## [Data block]
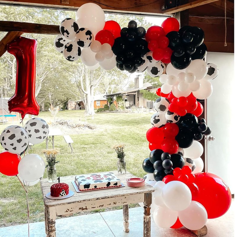Cow Party Decorations-Cow Balloon Garland Arch Kit-Red Black White Balloons for Cowboy Cowgirl Party Decorations Baby Shower Animal Birthday Party Suppllies
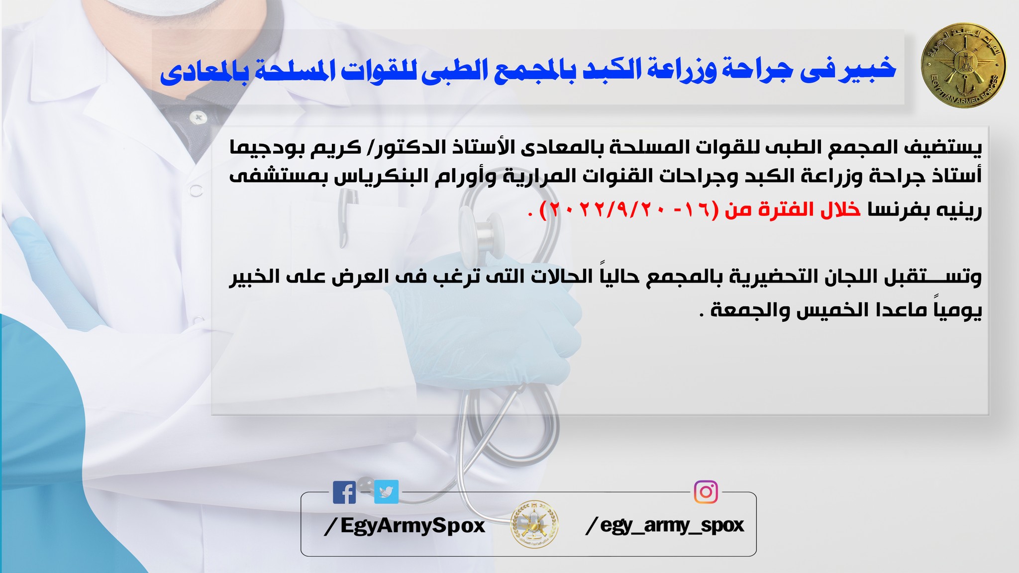 يستضيف المجمع الطبي للقوات المسلحة بالمعادي الأستاذ الدكتور "كريم بودجيما" أستاذ جراجة وزراعة الكبد وجراحة القنوات المرارية وأورام البنكرياس بمستشفي رينيه بفرنسا وذلك خلال الفترة من 16 إلي 20 من شهر سبتمبر الجاري .
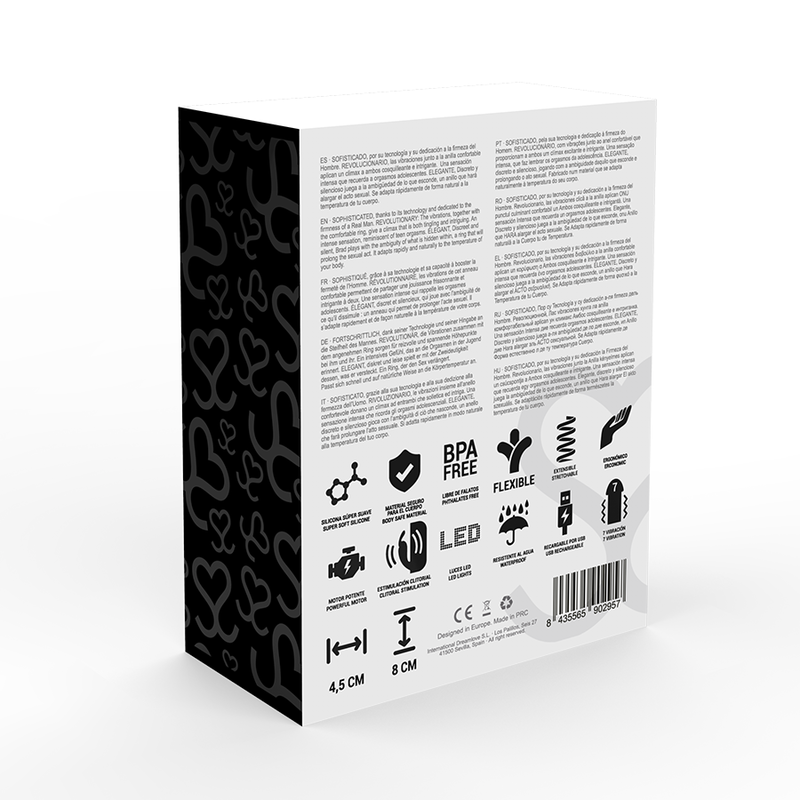 - Diametro dell’anello: 3 cm, flessibile, adattabile a tutte le dimensioni del pene
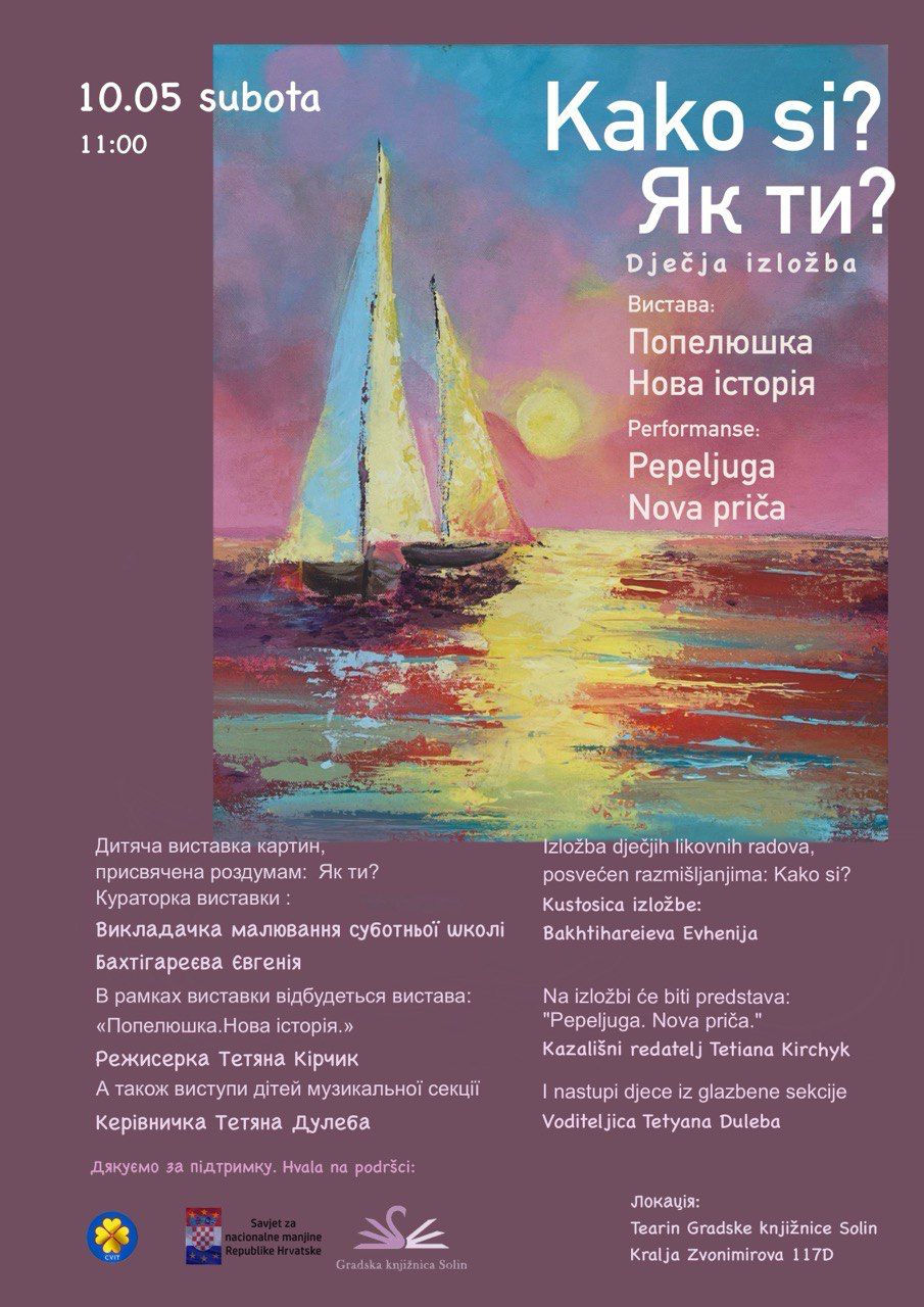 Kulturno društvo Ukrajinaca u Splitu CVIT i Savjet za nacionalne manjine Republike Hrvatske pozivaju na otvorenje izložbe dječjih slika “Kako si?” koje će se održati u Teatrinu Gradske knjižnice Solin u subotu, 10. svibnja u 11 sati.

## [Exercise requirements]
Retype only the lines from the line with "- Diametro dell’anello: 3" through the last line of the data. Keep both ends and skip the pictures.

## [Answer area]
 - Diametro dell’anello: 3 cm, flessibile, adattabile a tutte le dimensioni del pene
 Kulturno društvo Ukrajinaca u Splitu CVIT i Savjet za nacionalne manjine Republike Hrvatske pozivaju na otvorenje izložbe dječjih slika “Kako si?” koje će se održati u Teatrinu Gradske knjižnice Solin u subotu, 10. svibnja u 11 sati.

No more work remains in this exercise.